Влажные губы были близко от лица, Алевтина силилась погладить лошадь, но даже во сне – не могла.

– Мам, лежи ты ровно! – дочь протирала лицо тряпкой, смоченной чем-то кисловатым, – Вить! – крикнула она в глубину избы, – иди, бабу поворотить надо, у меня уже руки отсохши…

Алевтину ворочали, переодевали, все унизительные процедуры давно уже не смущали её, а только вызывали желание заплакать. Пришла соседка, которую Алевтина терпеть не могла, и начала с приторной улыбкой кормить её кашей. Каша была холодная, комковатая, и стояла в горле. Потом приходила фельдшер, колола в исчезающие вены, зачем-то мерила давление и писала в тетрадь, положив ее на фанерную тумбочку.

После уколов Алевтина опять погрузилась в привычную полу-сон – полу-дремоту. В избе затопили печь, стало жарко, и пахнУло горячим воздухом, обожгло рот и опалило брови – маленькая Аля увидела себя у горящей церкви. Кто-то держал ее ладошку в своей – наверное, бабушка. Аля слышала, как воют в голос бабы, как падают на колени. Поодаль стояли мужики, поплевывали лузгу, отчего на белый снег ложились черные отметины. Пламя вырывалось из окон, и, казалось, что церковь летит, дрожа, вверх. Обрушилась звонница, и рухнул большой колокол, упав внутрь, со звуком страшным и торжествующим. У Али заложило уши. Бабушка развернула ее лицом к себе, а сама крестилась истово и все шептала «Господи, прости их, Господи, прости их…»

Церковь потом долго дымилась, пахло гарью, а бабки, вместе со старичком настоятелем, все ходили по пожарищу, выискивая уцелевшее. Только одна икона осталась нетронутой огнем – «Всех скорбящих с грошиками». Ее-то и спрятала Алина бабка – а где, не сказала, только дома и по сей день пахло горелым, но по-церковному – вроде как со свечами да ладаном.

Алевтину уже не крестили.
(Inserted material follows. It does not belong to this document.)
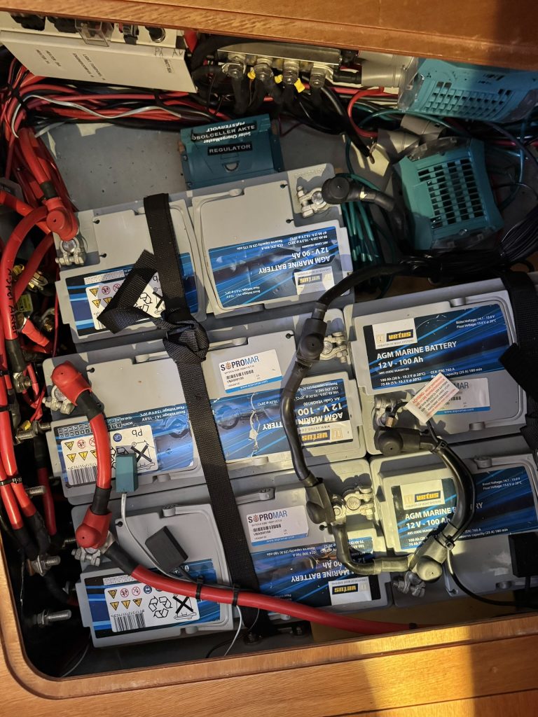 Nya batterier; 4 start (4*100Ah AGM) och 1 motor (1*90Ah AGM)

Отца Николая, настоятеля Храма, расстреляли в 20-е, тут же, у кладбищенской ограды. Седенький, без скуфейки, в белом подризнике и босой, он казался совсем бестелесным и невидимым на первом выпавшем снегу, и только нательный Крест, который батюшка так и не отнял от губ, обозначал его присутствие на земле. Когда жахнули выстрелы – пробился сквозь тучи солнечный луч и остановился на мгновение на Кресте. Матушку с детьми увезли на телеге в район, и Храм так и стоял, разрушаясь медленно, и только дарил мальчишкам, ворошащим кирпичную пыль – то крестик, то мелкую копеечку, то осколок лампадки.

И снова будили бабу Алю, поили жидким чаем, от которого еще хуже сохли губы. Дочь сняла с головы платок, попыталась причесать жидкие волосы гребнем, да только драла больно. Баба Аля вскрикнула, – а дочь услышала только глухой стон.

– ну, не ндравится тебе, ляжи, как знаишь, – она подоткнула одеяло, приоткрыла форточку, отчего в комнату намело снегом и свежим огуречным духом, помахала полотенцем, как пропеллером, закрыла окно, и, уходя, щелкнула выключателем.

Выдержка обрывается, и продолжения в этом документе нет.